A spatial and temporal decomposition analysis was conducted for typical droughts, revealing 24 years of high drought intensity across the basin over the past 60 years, as well as 4 years of high drought intensity in the northwest and 4 years of high drought intensity in the southeast. Therefore, drought prevention and management strategies should be tailored to each season and specific sub-regions within the basin. Future efforts could explore implementing hydraulic facilities and various irrigation methods, such as furrow irrigation and border irrigation, in water management settings of different regions (Ostad-Ali-Askari 2022b; Javadi et al. 2023). Furthermore, with the abrupt changes in global climate and increased carbon emissions from industrial development, the greenhouse effect and climate change have intensified, impacting the occurrence and severity of droughts. Regions experiencing severe drought are particularly vulnerable to forest fires (Javadinejad et al. 2019; Rabiei et al. 2022). Given the superior natural ecological environment of the Pearl River basin, ecological fire prevention becomes even more crucial. Analyzing the intrinsic relationship between drought indices and fire risk factors holds significant importance for the survival and development of the basin.

6 Conclusion

This paper investigates the distribution characteristics of drought frequency, extent and intensity in the Pearl River basin from 1961 to 2020 and their interrelationships based on the MCI, using correlation analysis, trend analysis and the EOF method.

The study found that (1) there was a slight relief in drought across the basin from year to year, with 24 years of high drought intensity, 28 years of low drought intensity, 4 years of high drought intensity in the northwest, and 4 years of high drought intensity in the southeast over a period of 60 years. Over the past decade, there has been a gradual reduction in drought intensity, leading to stable drought conditions throughout the basin, reaching its lowest level in 2016. (2) Drought is more significant in winter than in spring and autumn than in summer, and it eases in all seasons except autumn when there is a tendency for drought to intensify. (3) Spatially, drought days and intensity distribution are consistent on both seasonal and annual scales.
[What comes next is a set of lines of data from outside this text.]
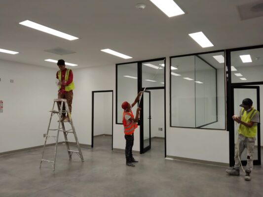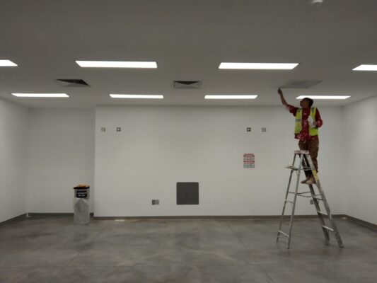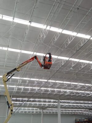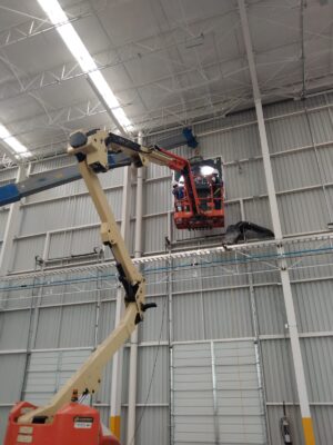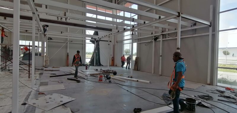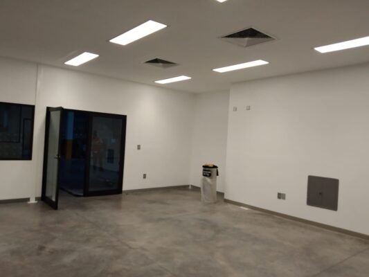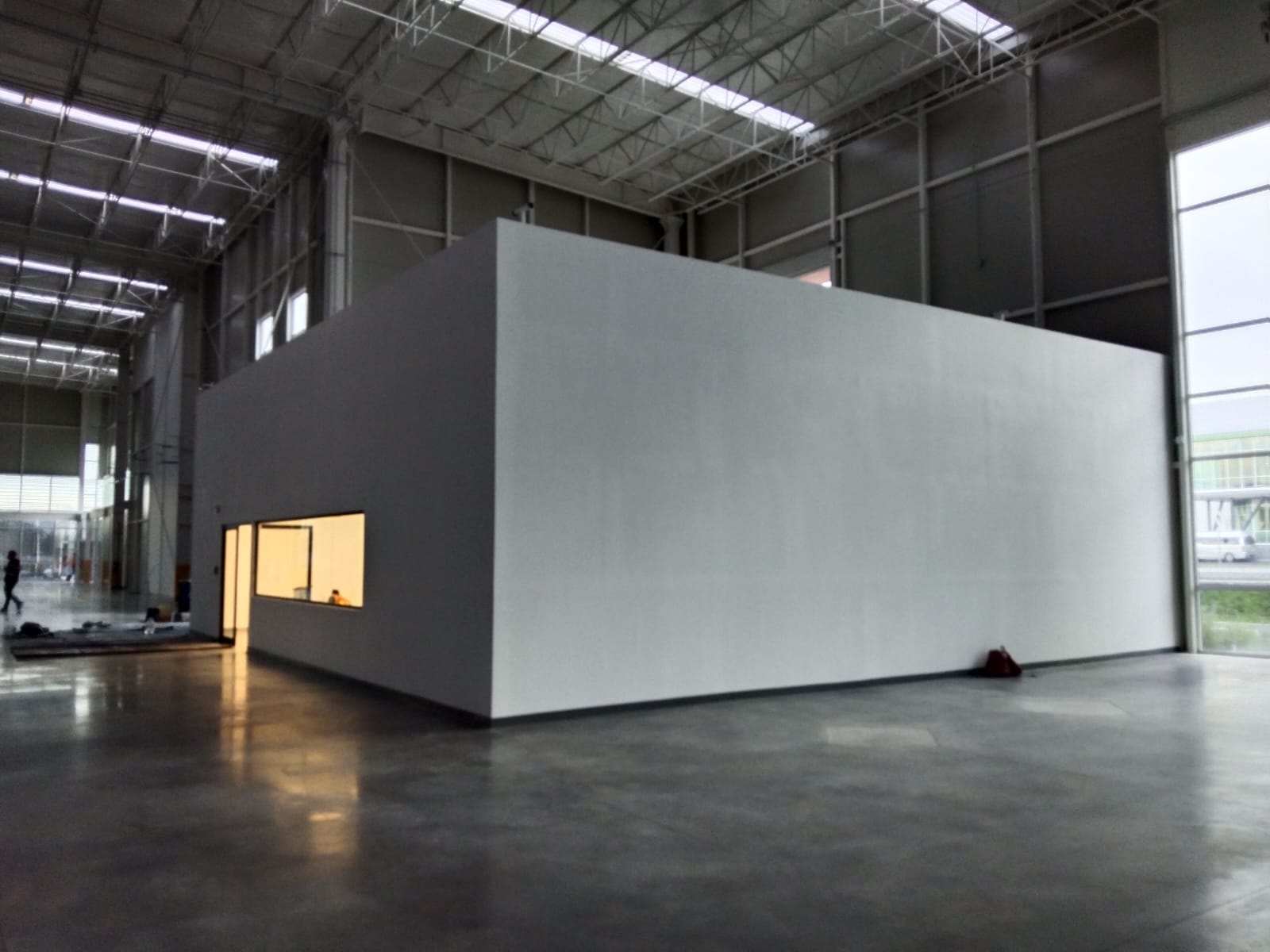 Se desarrollo en 2023, en donde se nos contrató para elaborar el proyecto y la ejecución del mismo, nos encontramos con una nave bacía la cual usaban de bodega, el cliente la renta y nos pide hacer las adecuaciones para que esta pueda ser operada como tal, uno de los trabajos más importantes que realizamos fue un laboratorio para los trabajos de revisión de pieles, baños para la empresa, en una de las adecuaciones que solicitaban era tener cuatro cambios de aire, por lo cual otra fuente de trabajo fueron los extractores en la nave, la parte de iluminarias para la bodega y alimentarlas eléctricamente, también completamos la instalación del sistema contra incendios de manera hidráulica, una rampa de concreto.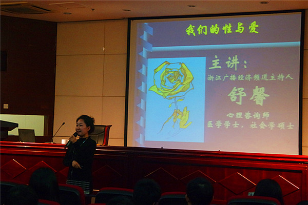 11月11日下午,浙江省计生协特聘青春健康教育专家、浙江省知名广播节目主持人、国家二级心理咨询师舒馨老师应邀来我校作《我们的性与爱》青春健康专题讲座。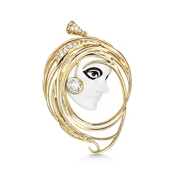 Yellow 14 Karat Yellow free-form Pendant with 0.36Tw Round Brilliant G/H Si2 Diamonds.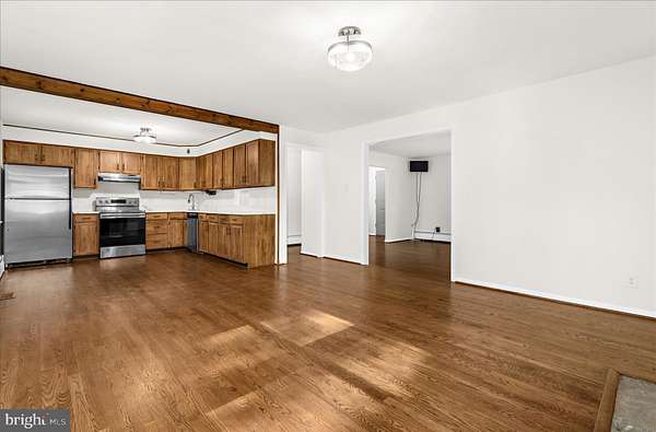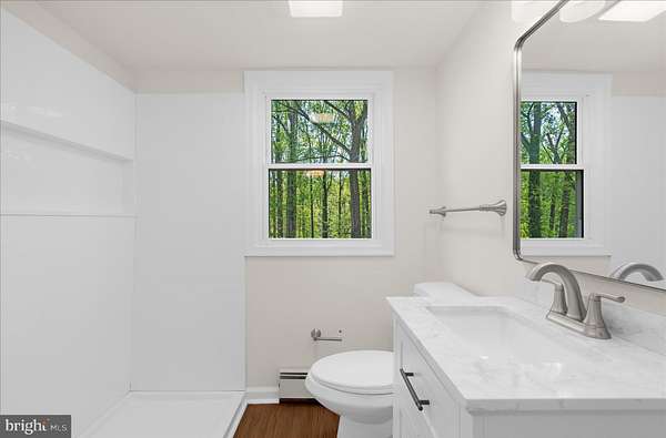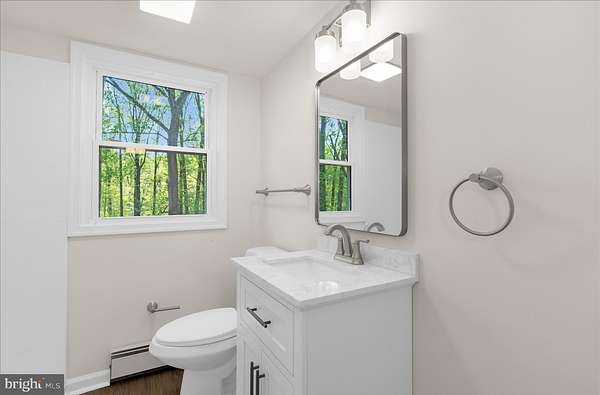 Fully renovated and move-in ready, this brick four-bedroom Cape Cod sits on 1.6 private acres in Windsor Mill with no HOA, no neighbors crowding the fence line, and no compromises on space. New roof. New quartz countertops. Updated bathrooms. Gleaming hardwood floors throughout. The large eat-in kitchen open to the dining room anchored by a wood stove which will actually get used. Two bedrooms and a full bath on the main level. Upstairs, two more bedrooms, both with full headspace, and a second full bath. Step out to the screen porch and you already feel the shift. The fenced rear yard gives you a defined outdoor living space. Beyond the fence, a cleared area with firepit leads into thick woods that run to a creek. This is not a token backyard, it's the real deal. Plenty of storage space in the full basement with bathroom rough-in. Two-car carport. Room to breathe inside and out. Brick construction, new roof, quality renovation throughout, 1.6 acres, two-car carport, full basement with bathroom rough-in. Woods and a creek at the back of your own property. No HOA telling you what to do with any of it. Come see what quiet actually feels like.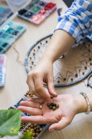 Artistic female hands use colorful beads for creating native tribal Indian amulet dreamcatcher closeup. Craftsman enjoying work or hobby at workshop making handmade medieval culture totem decor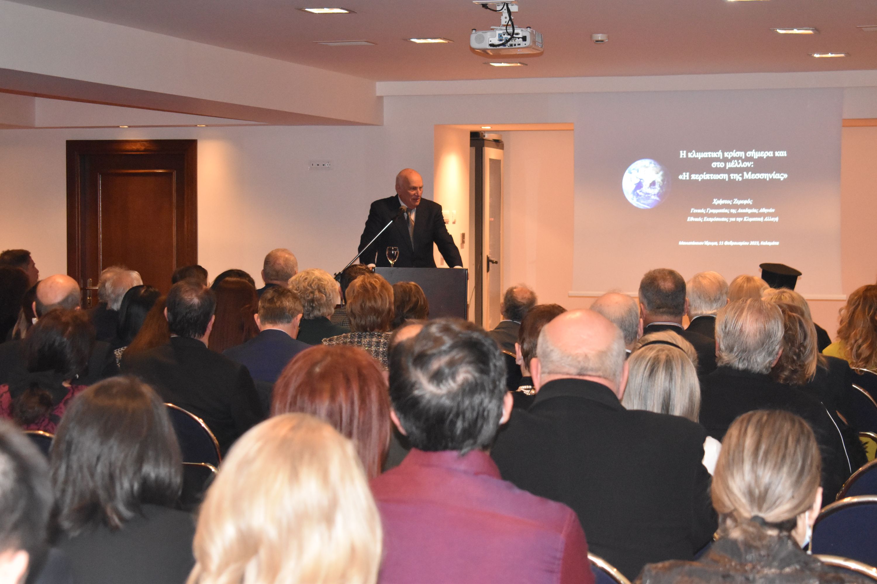 Ακολούθως ο κύριος ομιλητής της βραδιάς καθηγητής - ακαδημαϊκός Χρ. Ζερεφός ανέλυσε διεξοδικά της τραγικές συνέπειες της Κλιματικής Κρίσης στο πλανήτη αλλά και τις αντίστοιχες συνέπειες στην Ελλάδα και στην Πελοπόννησο. Με προβολή εικόνων και στοιχείων έδειξε το τι θα συμβεί στο μέλλον αν δεν αποσυρθούν οι ορυκτές πηγές ενέργειας και δεν αντικατασταθούν με ανενεώσιμες πηγές ενέργειας.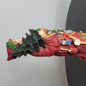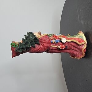 He's about 12 inches tall. Santa holding christmas trees. Winds up on the bottom. Turn volume on to hear the song in the video. The song is "Santa Claus is coming to town". Turn volume on the video to hear the song. Part of the tree is damaged (see close up pic) Smoke Free. One day shipping.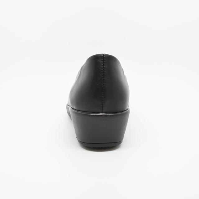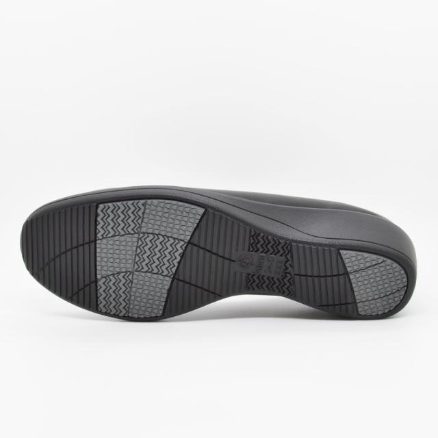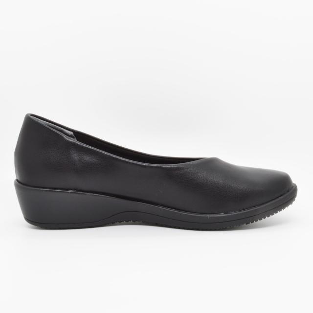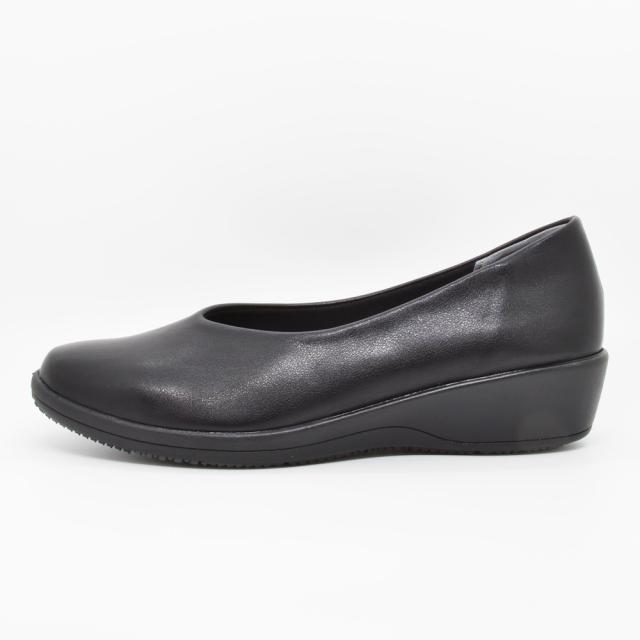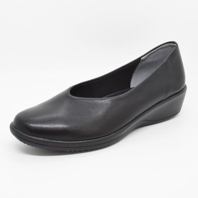 Vカットデザインでスッキリとした足元を演出。伸縮性のあるストレッチ合皮が足に優しくフィットする軽量オフィスパンプス。

Areas of high drought intensity are basically located in the western and southern regions of the basin in the Hainan Island region, with drought intensity showing a distribution of high west and low east, and high south and low north in spring and winter, low drought intensity across the basin in summer, and a distribution of high east and low west and high north and low south in autumn. (4) A rather peculiar point is that the spring and autumn drought distributions are characterized by an inverse distribution, with the high-value areas of drought intensity in spring being the low-value areas in autumn and the low-value areas in spring being the high-value areas in autumn.

These findings are of great scientific significance for drought risk assessment, monitoring and disaster prevention and mitigation in the Pearl River basin, and provide new cases and data support for global drought research. At the same time, this paper’s research methods and findings also provide a reference for drought research in other regions and provide a scientific basis for addressing global climate change and drought management predictions.